В одном старинном альбоме читаю: «Сегодня на Невском со мною встретился поэт Федор Иванович Тютчев. В большом шерстяном платке, яко в ризе. Шел в глубокой задумчивости, что-то шептал и качал в такт головою. Вероятно, творил…»

Тютчев! Я иногда теряюсь перед этой загадкой. Какая мучительная раздвоенность в страсти к женщинам, между поэзией и политикой. Где муж и где любовник? Где поэт и где политик? Разделяющая грань отсутствует.

Тютчев писал стихи лишь по случаю, на клочках бумаги, разбрасывая их где попало. Зато политика заполонила его душу целиком.

* * *

Федор Иванович навестил семью, где его ожидало холодное отчуждение взрослых детей. Дочери он сказал:

– Аня, хоть ты… сжалься, побудь со мною.

В дедовских шандалах колебались огни свечей.
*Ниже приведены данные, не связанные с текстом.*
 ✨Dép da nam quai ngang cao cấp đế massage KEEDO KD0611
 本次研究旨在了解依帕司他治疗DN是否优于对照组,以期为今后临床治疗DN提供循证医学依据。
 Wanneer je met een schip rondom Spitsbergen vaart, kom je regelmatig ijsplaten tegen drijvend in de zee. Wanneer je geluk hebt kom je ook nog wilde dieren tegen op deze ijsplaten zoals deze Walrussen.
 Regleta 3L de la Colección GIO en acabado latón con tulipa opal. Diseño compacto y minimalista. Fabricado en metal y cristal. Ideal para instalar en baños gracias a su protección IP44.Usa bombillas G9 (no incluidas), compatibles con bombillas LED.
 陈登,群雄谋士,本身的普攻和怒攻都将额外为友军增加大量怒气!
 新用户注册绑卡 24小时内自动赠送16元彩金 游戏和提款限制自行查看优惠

Сбоку он глянул на тонкий профиль дочери, помешал угли в камине.

– Итак, – начал он, глядя на синие угарные огни, – одно поколение, словно волна на волну, набегает на другое, совсем не зная друг друга. Ты не знала своего деда, а я не знал своего. Дед помнил Кунерсдорф, я запомнил Бородино, а для тебя вехою жизни стал Севастополь… Ты и меня не знаешь, Анечка! Мы – два мира. Тот, в котором живешь ты, уже не принадлежит мне. А ведь и я был молод, как ты…

 
Когда осьмнадцать лет твои
И для тебя уж будут сновиденьем, —
С любовью, с тихим умиленьем
И их и нас ты помяни.
 

Он замолк. Дочь поправила на нем плед.

– Папа, пойди к маме. Она тебя очень любит.
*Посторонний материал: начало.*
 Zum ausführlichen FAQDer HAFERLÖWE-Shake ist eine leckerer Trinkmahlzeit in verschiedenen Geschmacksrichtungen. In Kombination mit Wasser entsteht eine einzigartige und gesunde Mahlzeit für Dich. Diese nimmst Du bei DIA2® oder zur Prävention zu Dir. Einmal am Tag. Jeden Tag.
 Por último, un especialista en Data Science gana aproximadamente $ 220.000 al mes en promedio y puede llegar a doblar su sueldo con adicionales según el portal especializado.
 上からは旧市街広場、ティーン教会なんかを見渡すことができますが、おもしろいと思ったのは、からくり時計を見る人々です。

Да! В этом-то и было несчастье поэта: все женщины любили его и всё ему прощали. Страсть увядающего отца к молоденькой Денисьевой была непонятна. Но общество не осуждало Тютчева – оно строго (очень строго!) судило Лелю Денисьеву.

Федор Иванович прошел на половину жены.

 
Она сидела на полу
И груду писем разбирала,
И, как остывшую золу,
Брала их в руки и бросала.
 

Эрнестина Федоровна бросала в огонь старые письма. Те самые, которые писал он ей. О любви своей.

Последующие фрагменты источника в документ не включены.